Georgia Law Professor Desirée LeClercq publishes in Cornell International Law Journal 

University of Georgia School of Law Professor Desirée LeClercq recently published an article, “Gender-Based Violence at Sea,” in the Cornell International Law Journal. The article stems from LeClercq’s previous contribution to Cornell’s Transnational Labor Law Conference as a conference co-organizer.

LeClercq’s article highlights the pervasive gender-based violence and harassment that female seafarers endure at sea. Furthermore, LeClercq argues the International Labour Organization (ILO) has failed to properly protect workers despite the protections intended by the Maritime Labour Convention, 2006.

Below is an abstract from the article:

“This Symposium contribution assesses the ability of international law to evolve to offer essential protections for workers in an increasingly globalized world. It focuses on protections for women seafarers, specifically around gender-based violence and harassment on board vessels. Even though it is the world’s oldest transnational sector, seafaring remains overwhelmingly male-dominated. Consequently, international law was not initially conceived with women seafarers in mind. Now that women have broken into the maritime profession, they count on international law to evolve in kind. Notwithstanding, they continue to face sexist, if not violent, workplaces, and report high incidents of gender-based violence and harassment at sea.

The international organization responsible for adopting and supervising protections for workers, the International Labour Organization (ILO), has long prioritized the special needs of seafarers. Its Maritime Labor Convention, 2006, promised to ensure holistic protections for all women and men at sea and to quickly adapt with evolving sectoral challenges. A close look at the prevalence of gender-based violence and harassment at sea shows, however, that the ILO’s bureaucratic pathologies and interinstitutional processes preclude it from accomplishing that mission. The ILO’s failure to quickly respond to mounting evidence of that violence and harassment has broad implications for international law, which must absorb and respond to transnational work’s dynamic and fluctuating demands to remain useful and relevant.”
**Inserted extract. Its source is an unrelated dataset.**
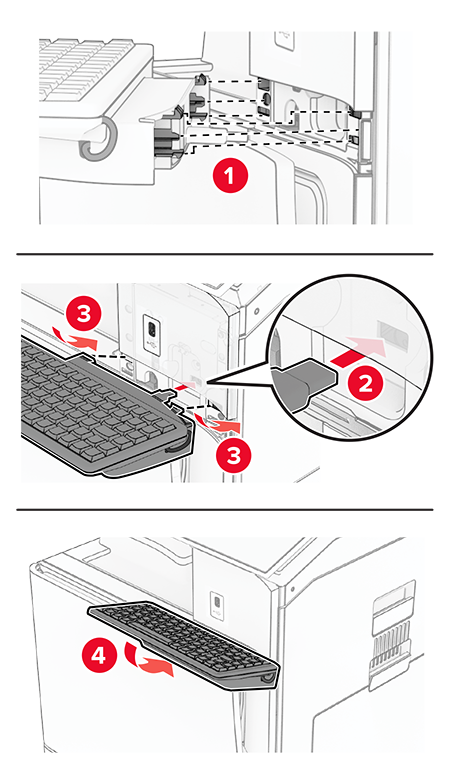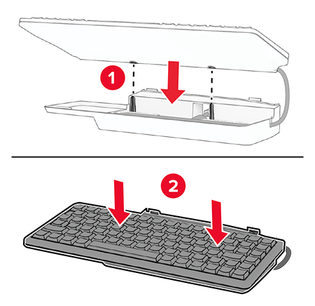 Alinhe a bandeja, conecte o cabo do teclado na impressora, insira a bandeja e fixe-a na impressora.

LeClercq joined the University of Georgia School of Law in 2024 as an assistant professor. She teaches International Trade and Workers Rights, International Labor Law, International Law and U.S. Labor Law. This semester, LeClercq is overseeing the International Law Colloquium, a for-credit course designed to introduce students to international economic law through engagement with scholars in the international legal field. She also serves as a faculty co-director of the Dean Rusk International Law Center and as the faculty adviser for the Georgia Journal of International and Comparative Law.